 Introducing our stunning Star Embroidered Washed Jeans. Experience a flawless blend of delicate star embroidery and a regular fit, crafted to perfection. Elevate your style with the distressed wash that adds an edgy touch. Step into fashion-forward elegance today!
::::
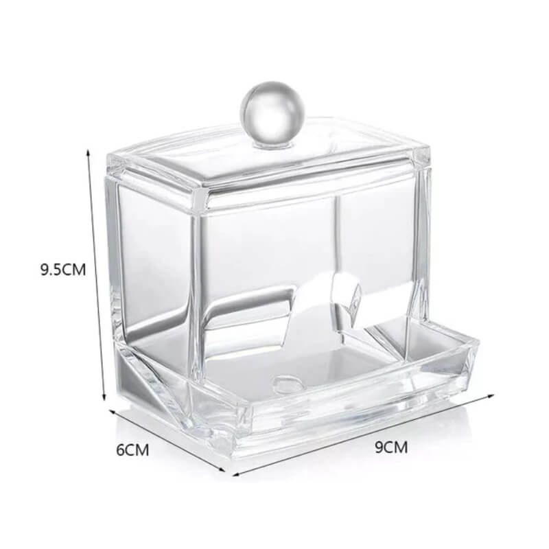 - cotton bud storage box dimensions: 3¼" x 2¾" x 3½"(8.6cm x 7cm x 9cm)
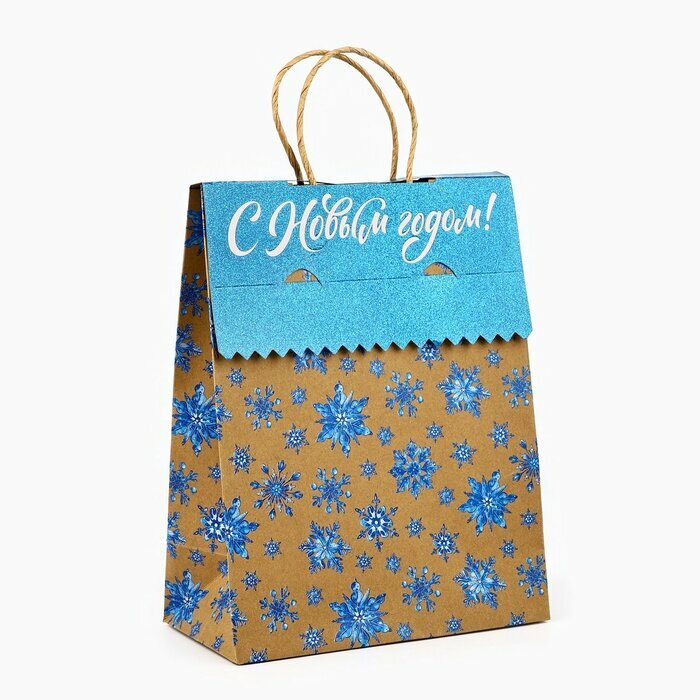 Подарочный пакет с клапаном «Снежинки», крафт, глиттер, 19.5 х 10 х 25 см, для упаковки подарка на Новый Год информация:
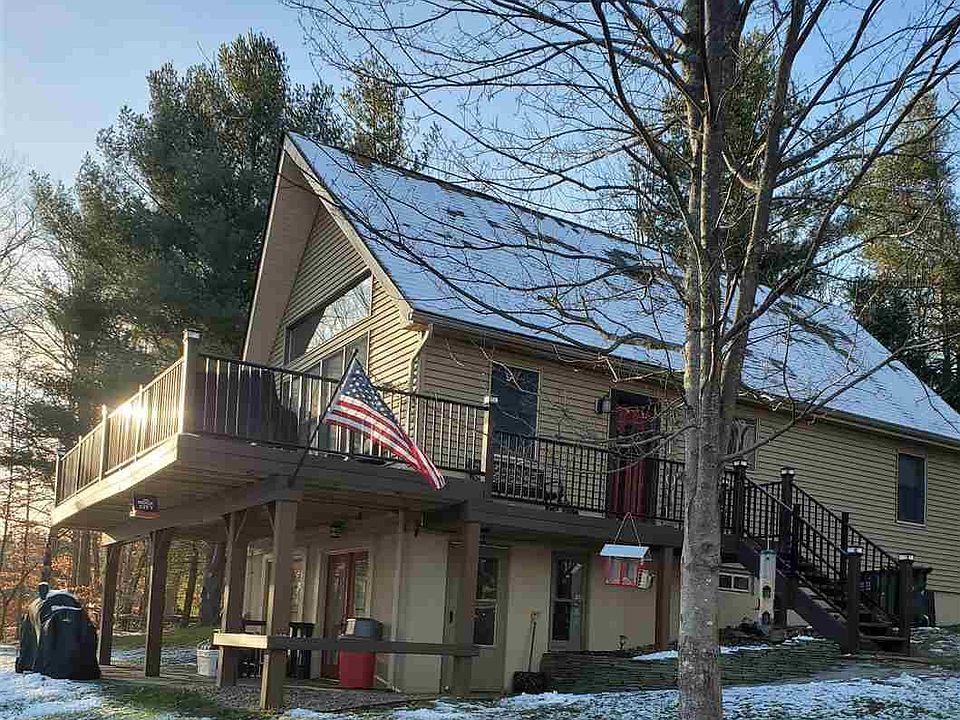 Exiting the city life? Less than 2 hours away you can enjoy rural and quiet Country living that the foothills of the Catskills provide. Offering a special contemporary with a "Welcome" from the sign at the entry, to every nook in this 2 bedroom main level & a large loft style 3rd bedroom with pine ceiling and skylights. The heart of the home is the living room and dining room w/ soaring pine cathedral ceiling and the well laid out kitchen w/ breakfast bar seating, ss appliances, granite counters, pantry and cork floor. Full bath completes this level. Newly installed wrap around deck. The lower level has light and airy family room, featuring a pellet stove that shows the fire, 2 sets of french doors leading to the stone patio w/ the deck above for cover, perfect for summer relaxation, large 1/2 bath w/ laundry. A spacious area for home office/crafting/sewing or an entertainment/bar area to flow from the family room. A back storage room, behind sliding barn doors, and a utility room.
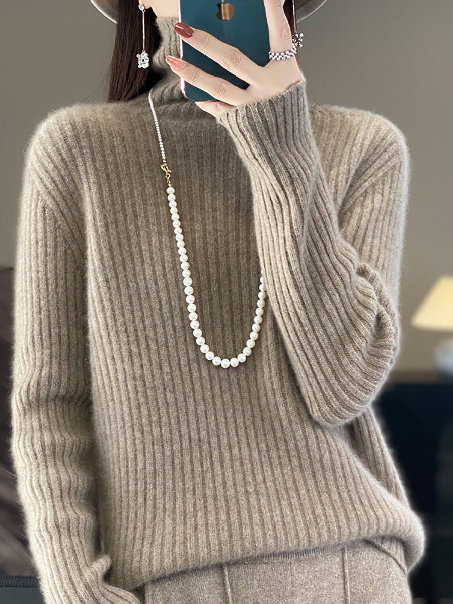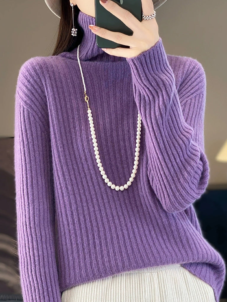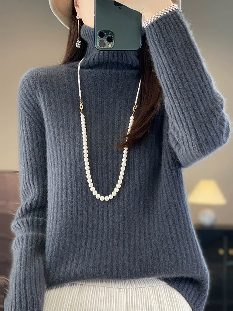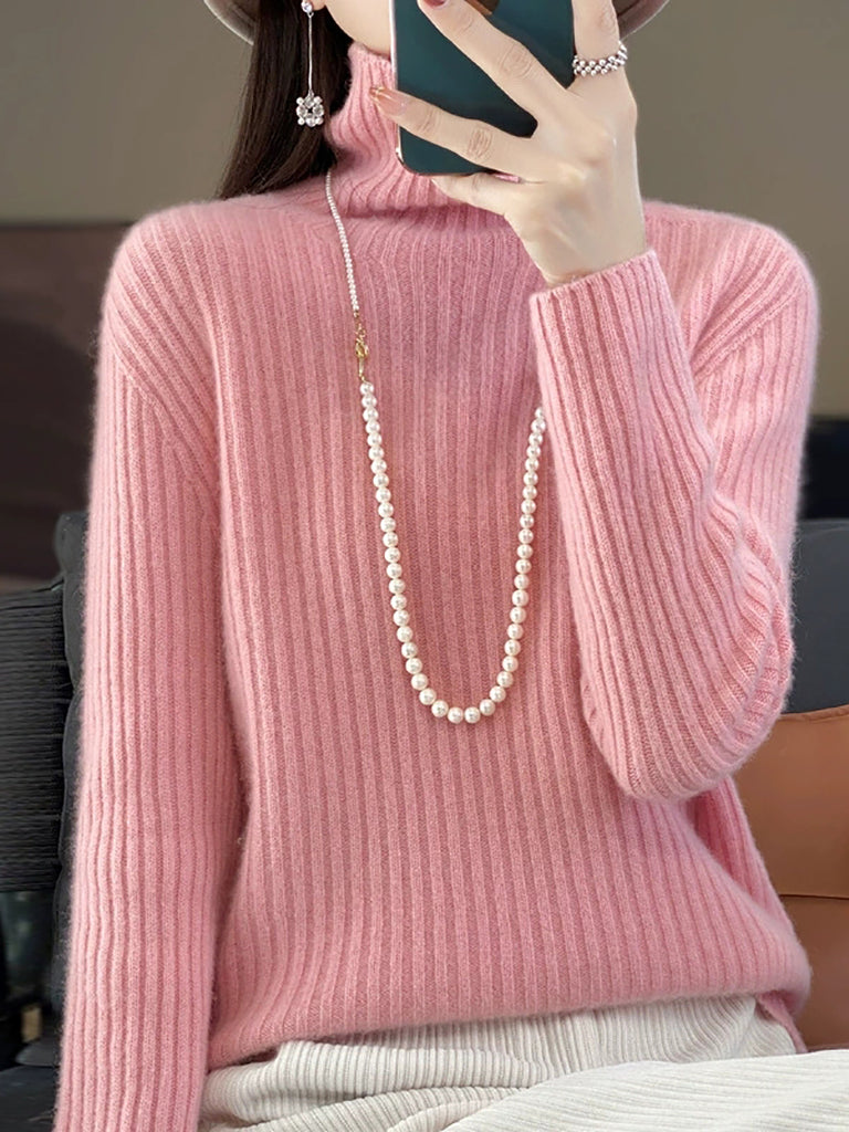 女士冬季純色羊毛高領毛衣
::::
*Exercise instructions*: In the records above, find the line with "- cotton bud" and the line with "女士冬季純色羊毛高領毛衣", then restate word for word only those two lines and all lines between, omitting pictures.

*Response box*:
 - cotton bud storage box dimensions: 3¼" x 2¾" x 3½"(8.6cm x 7cm x 9cm)
 Подарочный пакет с клапаном «Снежинки», крафт, глиттер, 19.5 х 10 х 25 см, для упаковки подарка на Новый Год информация:
 Exiting the city life? Less than 2 hours away you can enjoy rural and quiet Country living that the foothills of the Catskills provide. Offering a special contemporary with a "Welcome" from the sign at the entry, to every nook in this 2 bedroom main level & a large loft style 3rd bedroom with pine ceiling and skylights. The heart of the home is the living room and dining room w/ soaring pine cathedral ceiling and the well laid out kitchen w/ breakfast bar seating, ss appliances, granite counters, pantry and cork floor. Full bath completes this level. Newly installed wrap around deck. The lower level has light and airy family room, featuring a pellet stove that shows the fire, 2 sets of french doors leading to the stone patio w/ the deck above for cover, perfect for summer relaxation, large 1/2 bath w/ laundry. A spacious area for home office/crafting/sewing or an entertainment/bar area to flow from the family room. A back storage room, behind sliding barn doors, and a utility room.
 女士冬季純色羊毛高領毛衣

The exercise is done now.